I did consider this, but I thought I would keep it simple for the RFC and accept
that we may go over the limits by (HPAGE_PMD_NR - 1) pages. It sounds like you
don't think that will be acceptable.

I see 2 options:

  - move this checking logic to be per-page in zswap_store_page()
  - pass a size (or nr_pages or order) to obj_cgroup_may_zswap(),
    zswap_is_full() and zswap_can_accept() so they know how much we are
    proposing to add and can make a correct decision.

Personally I prefer the second option for efficiency.

> 
> Previously, the object size is capped by the size of
> a page (since we don't accept bigger size pages into
> zswap). If zswap limit is exceded, it will not be exceeded
> by more than 4 KB. No big deal. But I'm not sure
> this will be OK as we move to bigger and bigger
> sizes for the pages...
> 
> If we do decide to check the cgroup's zswap limit for
> each backing page, I'm not sure how the reclaim logic
> (which will be introduced in the cgroup-aware zswap
> LRU patch) will interact with this though.

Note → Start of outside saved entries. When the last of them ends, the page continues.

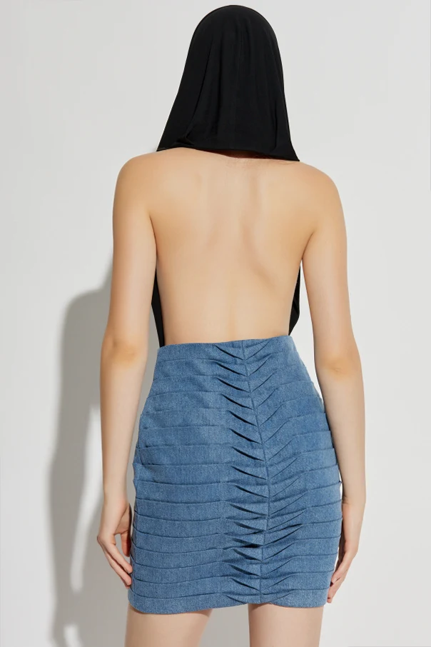 Body z odkrytymi plecami od Balmain to propozycja skierowana do miłośniczek ponadczasowej elegancji, odważnej formy oraz subtelnego wyrafinowania. Głęboko wycięty dekolt z przodu, otulony szerokimi ramiączkami, tworzy niezwykle kobiecy, a zarazem drapieżny efekt plunge . Plecy pozostają całkowicie odkryte, co podkreśla unikalność fasonu typu backless oraz zmysłowość sylwetki.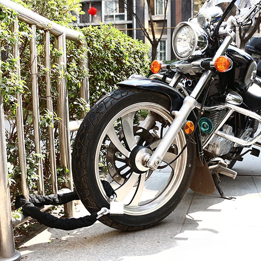 【استخدام واسع】: يمكن استخدام قفل السلسلة للدراجات والدراجات النارية والمعدات الرياضية والجراجات والمزارع والأسوار وما إلى ذلك. يستخدم على نطاق واسع ويتمتع بأمان جيد.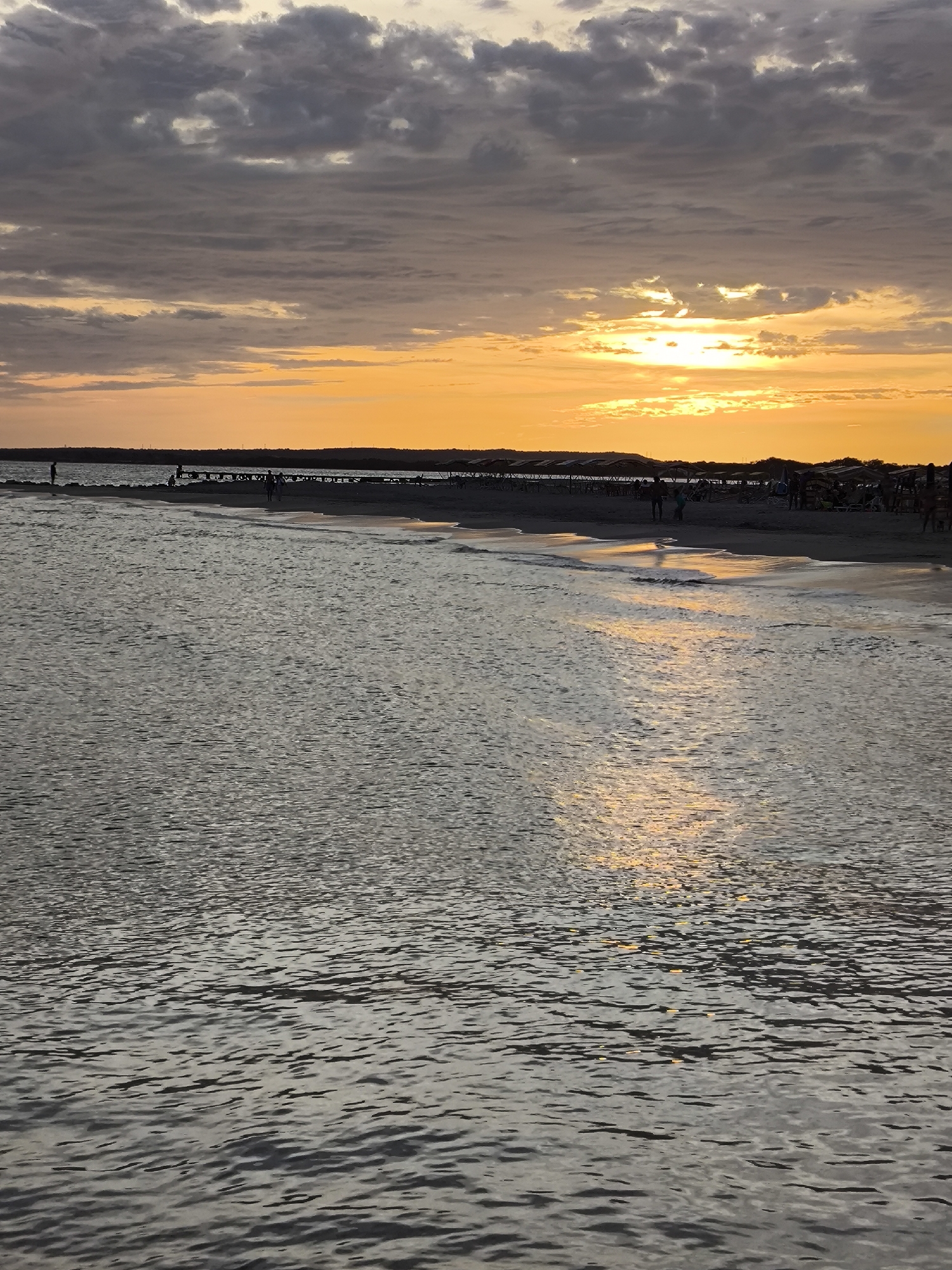 The image presents a scene from El Yaque, Venezuela, at sunset. The foreground consists of water, its surface reflecting the setting sun. In the middle ground is a beach crowded with people and sun shelters. A line of what appears to be seaweed or debris runs along the water's edge. The background features a bright orange sky with some clouds. The overall scene is one of a beach at dusk, with the light casting a warm glow over the water and sand.

Ok so this points us in the direction of my option 2 above as well?

> 
>> +
>> +       /* reclaim space if needed */
>> +       if (zswap_is_full()) {
>> +               zswap_pool_limit_hit++;
>> +               zswap_pool_reached_full = true;
>> +               goto shrink;
>> +       }
>> +
>> +       if (zswap_pool_reached_full) {
>> +               if (!zswap_can_accept())
>> +                       goto shrink;
>> +               else
>> +                       zswap_pool_reached_full = false;
>> +       }
>> +
>> +       pool = zswap_pool_current_get();
>> +       if (!pool)
>> +               goto put_objcg;
>> +
>> +       /*
>> +        * Store each page of the folio as a separate entry. If we fail to store
>> +        * a page, unwind by removing all the previous pages we stored.
>> +        */
>> +       for (i = 0; i < nr_pages; i++) {
>> +               if (!zswap_store_page(folio, i, objcg, pool)) {
>> +                       spin_lock(&tree->lock);
>> +                       for (i--; i >= 0; i--) {
>> +                               entry = zswap_rb_search(&tree->rbroot, offset + i);
>> +                               if (entry)
>> +                                       zswap_invalidate_entry(tree, entry);
>> +                       }
>> +                       spin_unlock(&tree->lock);
>> +                       goto put_pool;
>> +               }
>> +       }
>> +
>> +       ret = true;
>> +put_pool:
>> +       zswap_pool_put(pool);
>> +put_objcg:
>> +       if (objcg)
>> +               obj_cgroup_put(objcg);
>> +       return ret;
>>  shrink:
>>         pool = zswap_pool_last_get();
>>         if (pool && !queue_work(shrink_wq, &pool->shrink_work))
>>                 zswap_pool_put(pool);
>> -       goto reject;
>> +       goto put_objcg;
>>  }
>>
>>  bool zswap_load(struct folio *folio)
>>
>> base-commit: 158978945f3173b8c1a88f8c5684a629736a57ac
>> --
>> 2.25.1
>>
>>
> 
> I don't see anything else that is obviously wrong with this.
> Seems straightforward to me.
> 
> But I'm not too super familiar with THP swapping
> logic either :) So maybe someone with exposure to both
> should take a look too.
> 
> And would it make sense to introduce a gate that guard
> this so that users can opt-in/opt-out of this new feature,
> at least as we experiment more with it to get more
> data?

There is already a gate at a higher level; CONFIG_THP_SWAP. If that is not
enabled, then all large folios will be split to single pages before a swap entry
is even allocated.

I considered adding a separate gate for this, but given the above control, I
didn't think the zswap-specific control was really neccessary. What do you think?

Thanks,
Ryan